- Coon Box Fork Bridge
- U.S. National Register of Historic Places
- Location: Coon Box Rd., Coon Box, Mississippi
- Coordinates: 31°47′25″N 91°5′37″W﻿ / ﻿31.79028°N 91.09361°W
- Area: 2 acres (0.81 ha)
- Built: 1919
- Architect: Schuster & Jacob, Robert Taylor
- Architectural style: Twin-tower Swng. Susp. Brdg.

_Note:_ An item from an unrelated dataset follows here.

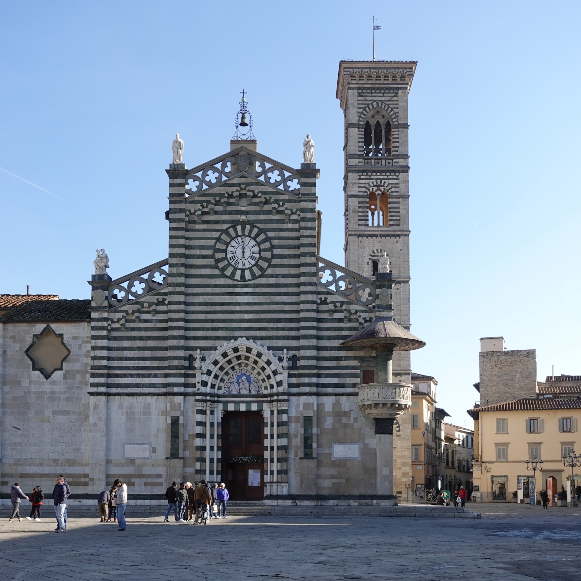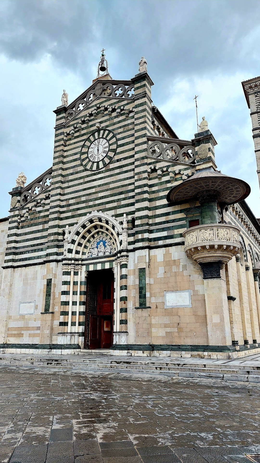 Read moreÈ una facciata, quella della cattedrale di Santo Stefano, che non vuol nascondersi a chi ha l'ardire non solo di guardarla ma anche di osservarla attentamente, anzi si pone sfrontatamente davanti agli occhi del viandante con le sue due pietre, alberese e serpentina, a conquistare il viandante. E poi se scruti il lato destro con fare disinvolto, la facciata ti cattura definitivamente attraverso le sembianze di un pulpito marmoreo che ostenta la fisionomia di un piccolo tempio. Donatello e Michelozzo hanno qui espresso ai massimi livelli il loro genio artistico. Il portale d'ingresso alla cattedrale, massimo espressione dello stile gotico romanico ospita sulla lunetta una splendida terracotta invetriata di Ansrea Della Robbia, raffigurante la Madonna tra Santo Stefano e San Lorenzo. L'orologio, settecentesco, incastonato nel livello centrale della facciata sopra il portale, abbellisce la struttura architettonica. L'interno, a croce latina, è ripartito in tre navate divise da arcate sorrette da colonne in marmo serpentino. Il pulpito in marmo bianco costituisce un prezioso lascito dell'arte scultorea rinascimentale impreziosita da eleganti rilievi narranti le storie del Battista di Santo Stefano e con la mistica figura dell'Assunta. Rossellini e Mino da Fiesole si sono divisi con pregio artistico elevatissimo il lavoro di creazione della figurazione che costituisce l'anima del pulpito. Le cappelle absidali sono riccamente decorate con affreschi realizzati da Fra Filippo Lippi, Paolo Uccello, Alessandro Franchi e dal maestro della cappella Manassei. Le vetrate che decorano il fondale delle cappelle sono opere di altissima e finissima capacità artigianale non disgiunte da eccelso splendore artistico. Per la cappella del sacro cingolo sarà necessaria una nuova visita in quanto la cancellata ne ha...

- MPS: Swinging Suspension Bridges TR
- NRHP reference No.: 79003429
- Added to NRHP: May 23, 1979

= Coon Box Fork Bridge =

The Coon Box Fork Bridge is a swinging suspension bridge located 1 mi southwest of Coon Box in Jefferson County, Mississippi. The bridge carries Coon Box Road across the North Fork Coles Creek. Constructed in 1919 for $3,498.99, the bridge has a wooden deck and concrete towers plated in iron. The bridge was one of many of the same type constructed in Jefferson County in the early 1900s to serve farmers in Coon Box; it is considered a "highly successful technological product" and is in fair condition. The bridge was added to the National Register of Historic Places on May 23, 1979. The bridge was destroyed in 2015.